There has been increasing pressure on land resources to meet increasing demand for food, biofuels, minerals and environmental services. About 40% of the Earth’s land surface is used for agriculture (Turner et al., 2007). The human-land relations are changing due to dynamic interaction between socio-economic and bio-physical drivers. The land of the developing countries is considered as a potential source of meeting increasing demand for biofuels, food crops, mineral deposits and reservoirs of environmental services. The rapid population growth has increased pressure on agricultural land to increase productivity. Currently, the increase in agricultural productivity has failed to keep pace with the demand for food. There has been huge demand for investment in agriculture in developing countries. Therefore, private investment in agriculture has been an option to meet food demand in post-food crisis period. Agricultural land acquisitions take place ignoring the livelihood rights of affected communities undermining national and local food security in developing countries (von Braun & Meinzen-Dick, 2009; Daniel & Mittal, 2010). The comprehensive data on regional or national land acquisition is scanty (Taylor & Bending, 2009). The governments play an active role in large-scale land acquisitions both domestically and internationally, even though the unoccupied arable land available for acquisition is very small and statutes and constitutional provisions also prevent large-scale land acquisition. The International Financial Institutions (IFIs) influence large-scale land acquisition by financing land acquisition projects and suggesting guidelines and policies (Cotula, 2012). However, the IFIs have failed to protect the rights of the poorest communities and most vulnerable from food insecurity and hunger.
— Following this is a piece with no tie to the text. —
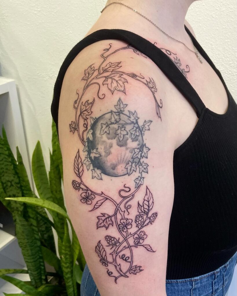 This detailed shoulder tattoo combines the symbolism of ivy vines with a striking full moon design. The ivy curls gracefully around the moon, creating a sense of unity between earth and celestial elements.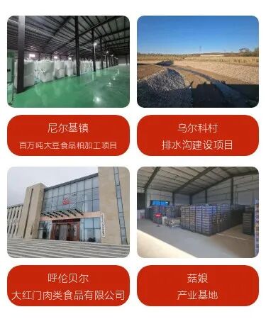 10月15日,一行人员实地调研了尼尔基镇百万吨大豆食品粕加工项目、乌尔科村排水沟建设项目、呼伦贝尔大红门肉类食品加工有限公司及菇娘产业基地等。

The demand for land is increasing (Haberl et al., 2009) in both developed and developing countries to meet growing demand for food, biomass and fibers. Agricultural investment in the past mainly came from Western countries and companies seeking comparative advantages in their production for the global market. The current land deals are increasingly driven by the desire to secure rights to land and fresh water for the domestic food and energy needs of the investor (Smaller & Mann, 2009; United Nations, 2010). The “new” investors are predominantly oil-rich but food-insecure Gulf States like Saudi Arabia, Qatar and the United Arab Emirates and populous but capital strong countries in Asia like China, South Korea and India (Gorgen et al., 2009; Smaller & Mann, 2009; von Braun & Meinzen-Dick, 2009). Moreover, Western companies are still investing in land in Africa for bio-fuel production or investment objectives.

The international trade in biofuels is increasing to meet growing demand for energy (Erb, 2004; Erb et al., 2009). The local land use changes in developing countries are also influenced by increased global demand for products. There are causal relations between land uses over large geographical distances due to growing global trade of food, biomass and fibers (Haberl et al., 2009). Numerous studies von Braun and Meinzen-Dick (2009), Cotula et al. (2009), Gorgen et al. (2009), Mbow (2010), and Smaller and Mann (2009) see increased economic opportunity for local communities from the leasing or selling of the land. There has been growing trend in the land acquisitions by foreign investors, which is termed as “land grabbing” in developing countries. The land investment is termed as land grabbing if there is a purchase or lease of vast tracts of land by wealthier, food-insecure nations and private investors from mostly poor, developing countries in order to produce crops for export (Daniel & Mittal, 2009). The “land grabbing” took place if the investment exceeds 1000 ha. The economic and political significance of the land dispossession is generally increasing and becoming one of the major global issues (Amanor, 2012; Hall, 2012; Lavers, 2012;Woodhouse, 2012).